Problem to work on:
From the listing below, reproduce exactly the lines starting with the one with "Linda poltrona rosa" and going on through the one with "Once the non-material", both ends kept. No picture is copied.
** Opening Records for the task block **
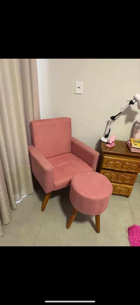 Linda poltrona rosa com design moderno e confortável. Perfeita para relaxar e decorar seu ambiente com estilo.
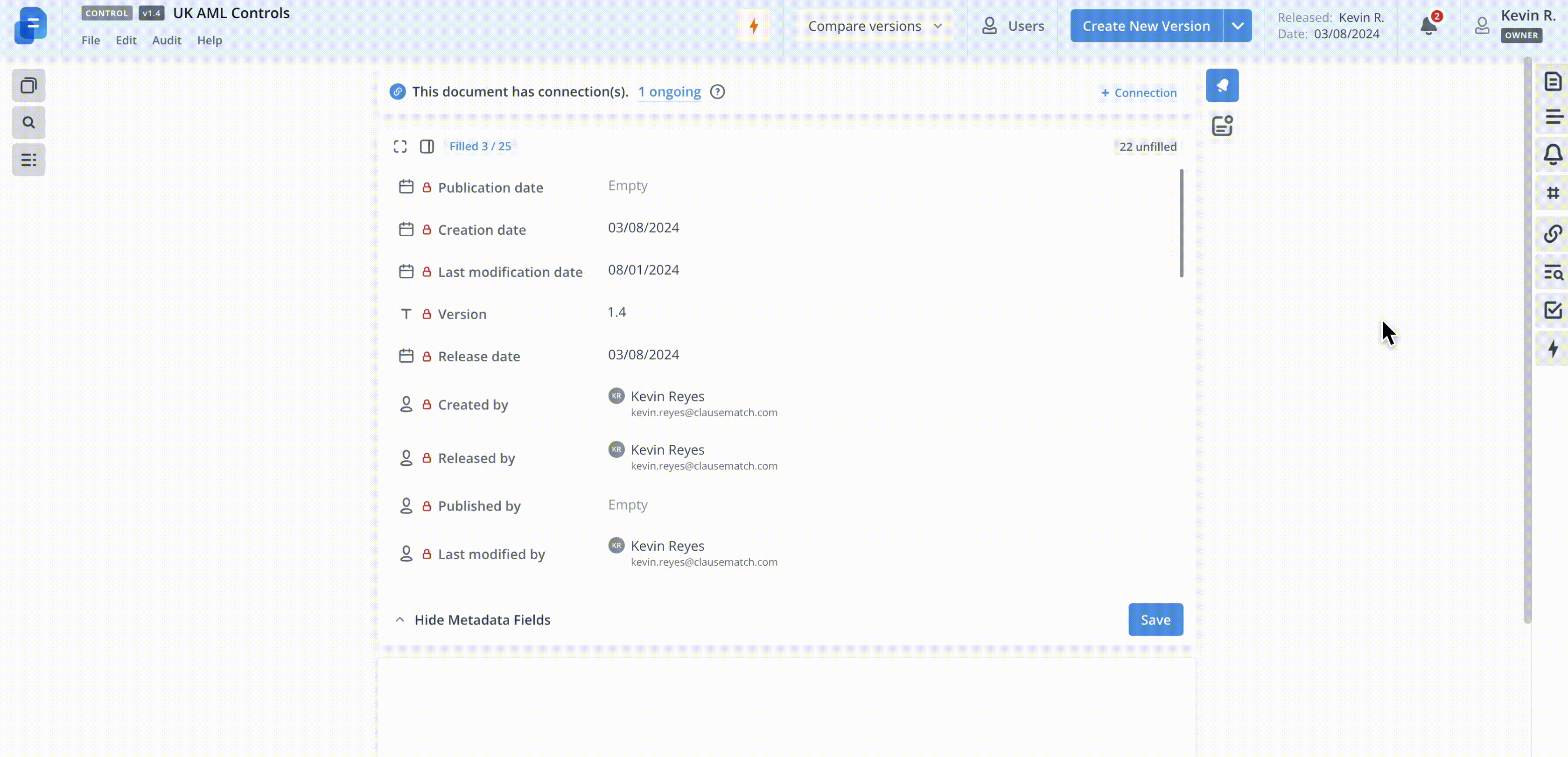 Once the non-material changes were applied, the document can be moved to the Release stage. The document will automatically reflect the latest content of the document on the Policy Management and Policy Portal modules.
** Closing Records for the task block **
** Opening Records for the task block **
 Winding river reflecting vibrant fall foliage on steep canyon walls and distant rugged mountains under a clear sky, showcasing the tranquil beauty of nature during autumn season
** Closing Records for the task block **
Exercise output:
 Linda poltrona rosa com design moderno e confortável. Perfeita para relaxar e decorar seu ambiente com estilo.
 Once the non-material changes were applied, the document can be moved to the Release stage. The document will automatically reflect the latest content of the document on the Policy Management and Policy Portal modules.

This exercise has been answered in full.